According to Mr. Brian Adler, who is a Columbia University educated researcher and writer on history and antiques, " the Meito china company was founded in 1908 as Nagoya Seito Sho by former Noritake china engineer Kotero Asukai. Production bore the backstamp "Meito," which means "fine sword" or "excellent sword." The name is, no doubt, a nod to the company's headquarters in Nagoya, Japan, a city famed for its shrine of the sacred sword that is one of Japan's crown jewels. As other Noritake engineers and artists joined Asukai, Meito wares came to closely resemble those of its competitor", Noritake.
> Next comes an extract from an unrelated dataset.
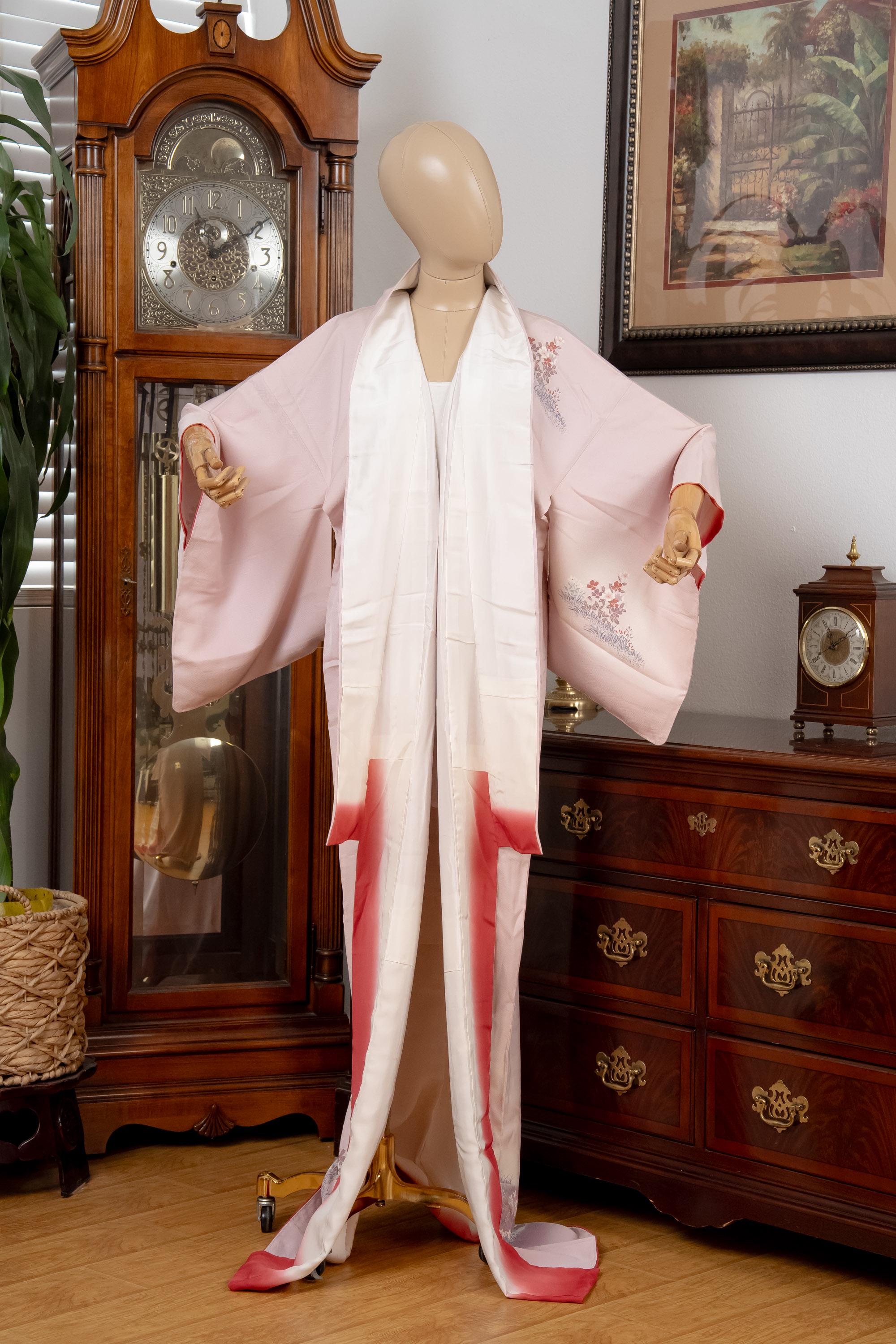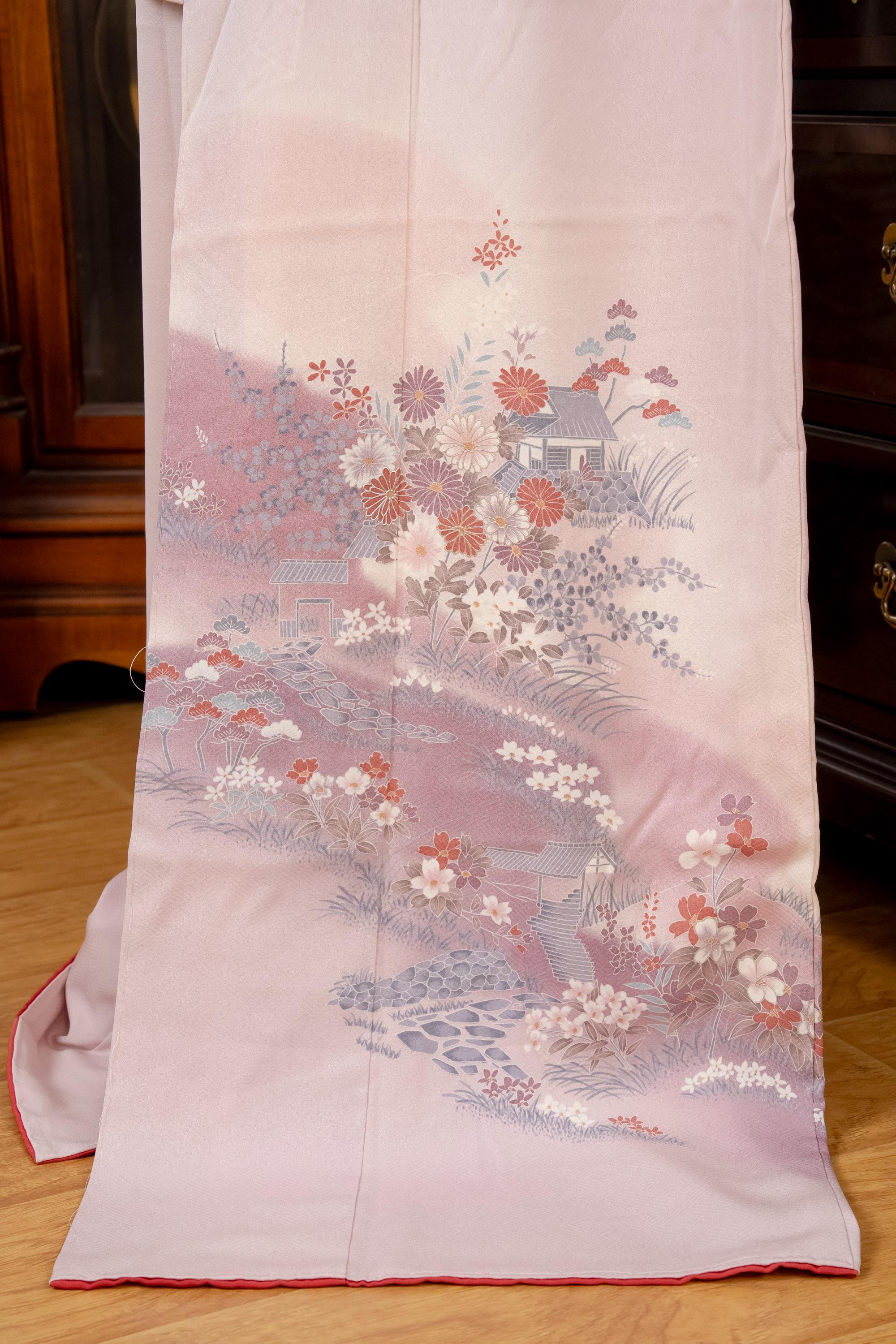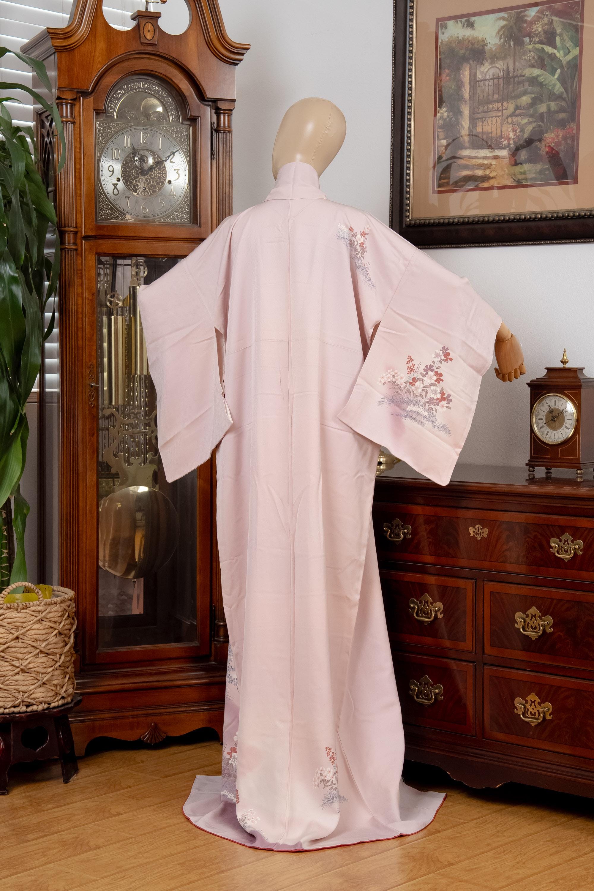 Please keep in mind that female Kimonos are supposed to fit long. You will need to adjust the length to your size by tying with Kitsuke accessories and Obi belt.

But as time went on and the connection of the original engineers and designers to the Noritake company became more distant, Meito's products became less similar to the Noritake lines.  During WWII Meito was acquired by Sumitomo Steel Corporation, and after the war Meito expanded into the American market with showrooms in major U.S. cities.

Today the company continues to manufacture fine bone china and porcelain, with the vast number of Meito patterns reflecting the rich traditions of both East and West.  Its main lines are called Orleans, Windso,r Empire, and Asama. A variant of Orleans, Norleans has been noted for its cutting-edge modern design. The Meito markings on the back of the pieces vary depending on the specific lines of the pieces.

So, which is better china --- Noritake or Meito?  The answer to that most often depends on who you are asking. The numbers of Noritake afficiandos is generally greater, and many of them feel that no other Japanese manufacturers equal the the quality of Noritake.  The truth with Japanese china, like with most things, is probably a little less absolute.  Whereas Noritake can probably fairly win the prize for having produced the largest quantity of consistently beautiful and highest quality china, the selected products of many other Japanese companies, including Meito, can certainly compare equally to Noritake in both design and quality.  

My feeling is that you should let your eye and your taste be the judge, and certainly don't pass up some of the gorgeous and high quality Meito, and other Japanese companies' pieces that are out there.  They can abundantly enrich your dining and entertaining, and probably allow you to be more original than with some of the Nortake patterns that were produced in such very large quantities.